La distruzione di un campo di pannocchie in Friuli è stata sostenuta da un argomento che è diventato un po’ il cavallo di battaglia degli avversari del transgenico: gli Ogm minacciano «l’identità agroalimentare italiana», «la nostra agricoltura non si tocca», «l’identità dei prodotti tipici non è in svendita». L’argomento legittima una sorta di neo-autarchia agricola evocatrice di altri e discutibili appelli a italici “primati” e autosufficienze. Gli resta forse un fascino retorico, ma è razionalmente insostenibile. Il concetto di “identità agricola nazionale” è vago o vuoto.
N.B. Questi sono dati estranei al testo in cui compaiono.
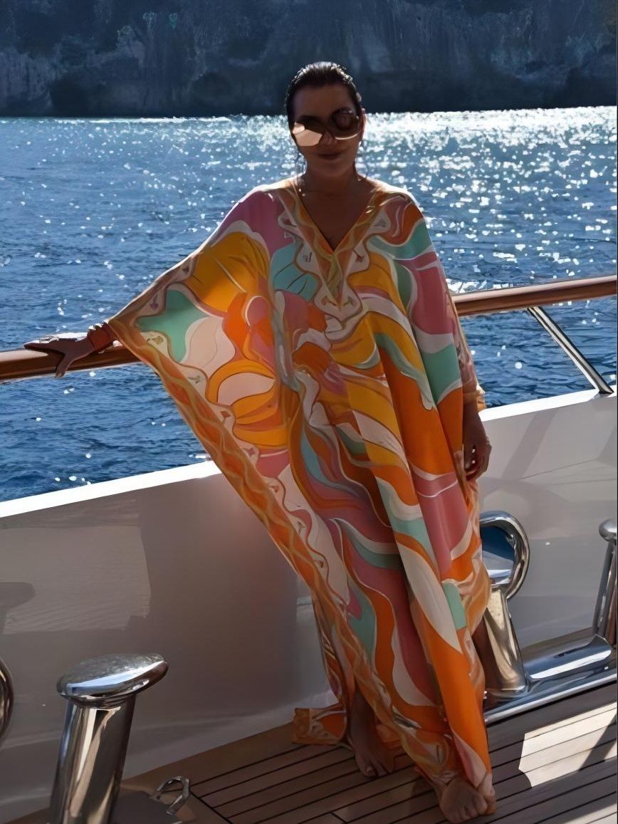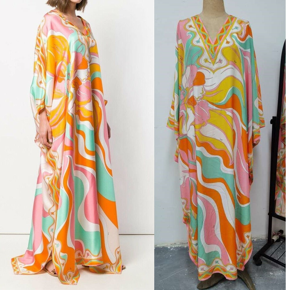 Italy Stylish Designer Inspired Women Jersey Silk Kaftan Dress Oversize V-Neck Long Maxi Dress Swimsuit Print Cover Orange

Effettivamente, da quando il dibattito sugli Ogm e le biotecnologie si è spostato dal piano della sicurezza ambientale e alimentare a quello della sostenibilità economica di diversi “modelli” di agricoltura (ormai sono rimasti in pochi a sostenere che un Ogm possa far male a qualcuno o a qualcosa), è sempre più chiaro che la contreversia non è più scientifica, ma tra scienza e ideologia, ed è un indiscutibile merito di Bartolommei quello di chiamare quell’ideologia, proprio sull’Unità, con il suo nome di battesimo: luddismo.

Sono sempre di più quelli che nel PD si dimostrano insofferenti per la riproposizione ossessiva di concetti suggestivi, ma vaghi e privi di significato. Proprio oggi Sergio Chiamparino, in un’intervista al sole24ore, si chiede “perché mai una persona di sinistra deve essere a favore della ricerca sulle staminali, ma non a quella sugli Ogm“, per non parlare di Umberto Veronesi, che si è dichiarato senza tanti giri di parole “un grande sostenitore dell’utilizzo delle conoscenze genetiche per tutte le attività umane, comprese quelle agricole“.

Cosa dicono il Partito Democratico e i suoi dirigenti sull’argomento? Ne avevamo parlato qualche tempo fa, in occasione della presentazione di un documento del Forum Agricoltura del partito in cui si ribadiva la posizione contraria del PD all’introduzione degli Ogm in Italia, e proprio per le ragioni che paiono tanto ridicole a Chiamparino, Bartolommei e Veronesi. Il fatto però che ci sia un dibattito aperto è cosa buona e giusta. Sui tempi di soluzione della questione, siamo abituati a rispettare i bioritmi del PD, e a pazientare.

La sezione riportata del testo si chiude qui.